- **Problem description**: In the material below, find the span from the line with "The product was" to the line with "(3) Aerostatic baseline" and transcribe only those lines, exactly, ends included, without the pictures.

- **Data excerpts**:
======

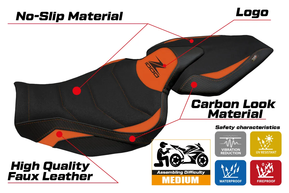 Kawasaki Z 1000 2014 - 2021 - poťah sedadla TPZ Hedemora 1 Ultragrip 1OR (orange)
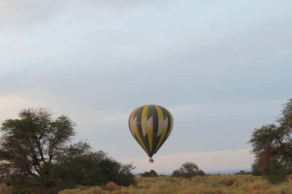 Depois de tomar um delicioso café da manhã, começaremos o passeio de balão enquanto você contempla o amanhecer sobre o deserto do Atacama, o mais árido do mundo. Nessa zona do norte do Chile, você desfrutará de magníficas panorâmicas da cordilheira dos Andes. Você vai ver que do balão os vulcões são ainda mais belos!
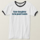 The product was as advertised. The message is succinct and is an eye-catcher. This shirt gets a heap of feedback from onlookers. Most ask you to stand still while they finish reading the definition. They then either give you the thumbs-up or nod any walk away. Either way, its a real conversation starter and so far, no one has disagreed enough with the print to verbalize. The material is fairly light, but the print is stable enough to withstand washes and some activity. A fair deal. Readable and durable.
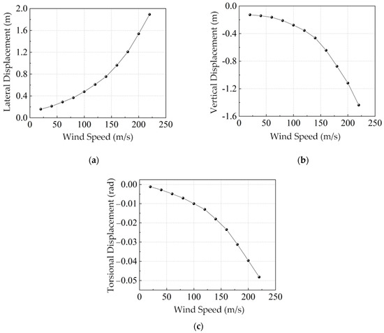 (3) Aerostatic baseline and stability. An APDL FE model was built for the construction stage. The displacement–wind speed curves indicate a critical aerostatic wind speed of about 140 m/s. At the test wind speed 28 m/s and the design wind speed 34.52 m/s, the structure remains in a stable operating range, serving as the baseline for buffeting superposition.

======

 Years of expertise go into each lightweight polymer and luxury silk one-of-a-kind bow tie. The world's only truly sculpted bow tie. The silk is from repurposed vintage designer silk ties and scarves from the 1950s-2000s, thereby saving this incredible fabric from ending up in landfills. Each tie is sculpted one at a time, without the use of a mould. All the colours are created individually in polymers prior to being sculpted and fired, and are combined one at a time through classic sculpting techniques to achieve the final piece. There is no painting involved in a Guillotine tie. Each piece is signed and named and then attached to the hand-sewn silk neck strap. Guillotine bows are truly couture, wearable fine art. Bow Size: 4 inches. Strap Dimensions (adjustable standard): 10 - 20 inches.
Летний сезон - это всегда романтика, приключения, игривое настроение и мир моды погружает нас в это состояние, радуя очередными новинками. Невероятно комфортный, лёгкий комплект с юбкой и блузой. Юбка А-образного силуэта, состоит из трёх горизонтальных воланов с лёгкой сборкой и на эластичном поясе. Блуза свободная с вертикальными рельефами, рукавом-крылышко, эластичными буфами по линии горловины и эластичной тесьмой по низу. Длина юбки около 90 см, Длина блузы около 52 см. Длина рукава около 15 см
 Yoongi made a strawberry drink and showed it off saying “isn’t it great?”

======

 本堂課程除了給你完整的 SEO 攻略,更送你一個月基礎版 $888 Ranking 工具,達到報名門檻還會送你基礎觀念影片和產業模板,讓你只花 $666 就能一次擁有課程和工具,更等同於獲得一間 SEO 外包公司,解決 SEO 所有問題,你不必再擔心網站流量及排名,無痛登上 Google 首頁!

======

- **Solution to this exercise**:
 The product was as advertised. The message is succinct and is an eye-catcher. This shirt gets a heap of feedback from onlookers. Most ask you to stand still while they finish reading the definition. They then either give you the thumbs-up or nod any walk away. Either way, its a real conversation starter and so far, no one has disagreed enough with the print to verbalize. The material is fairly light, but the print is stable enough to withstand washes and some activity. A fair deal. Readable and durable.
 (3) Aerostatic baseline and stability. An APDL FE model was built for the construction stage. The displacement–wind speed curves indicate a critical aerostatic wind speed of about 140 m/s. At the test wind speed 28 m/s and the design wind speed 34.52 m/s, the structure remains in a stable operating range, serving as the baseline for buffeting superposition.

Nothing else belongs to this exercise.